# Sherman vs the chair



## trailgoats (Jul 26, 2013)

He's always finding a way to get in trouble. I heard a bunch of banging around in the backyard and this is what I found.


----------



## kccjer (Jan 27, 2012)

Hahaha


----------



## lauramae86 (Oct 8, 2013)

Lmao!!!!


----------



## ksalvagno (Oct 6, 2009)

:rofl:


----------



## Chadwick (Jan 24, 2014)

Hehe, that's good!
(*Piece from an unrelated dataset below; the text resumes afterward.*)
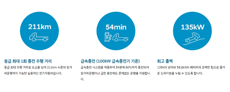최고출력 135kW, 최대토크 395Nm / 배터리 용량 58.8kWh (주행거리 211km)

For goodness sakes Sherman sit down and take a rest!


----------



## oakshirefarms (Jul 5, 2013)

:ROFL: 
"Curse those 2 legged contraptions!"
I bet he thought he would never get caught either!


----------



## Mamaboyd (Oct 10, 2013)

lol, that just made my day


----------



## canyontrailgoats (Jan 4, 2014)

LOL, I think he needs lessons on how to properly use a chair 
Silly Sherman!


----------



## Dayna (Aug 16, 2012)

He's adorable!


----------



## trailgoats (Jul 26, 2013)

He was seriously wedged in there too! It took my husband and I about 20 minutes to get him out. It was so funny how freaked out all the other goats were. They knew for sure that the chair monster had slain its first victim, and was coming for them next.


----------



## alikat72 (Jun 24, 2013)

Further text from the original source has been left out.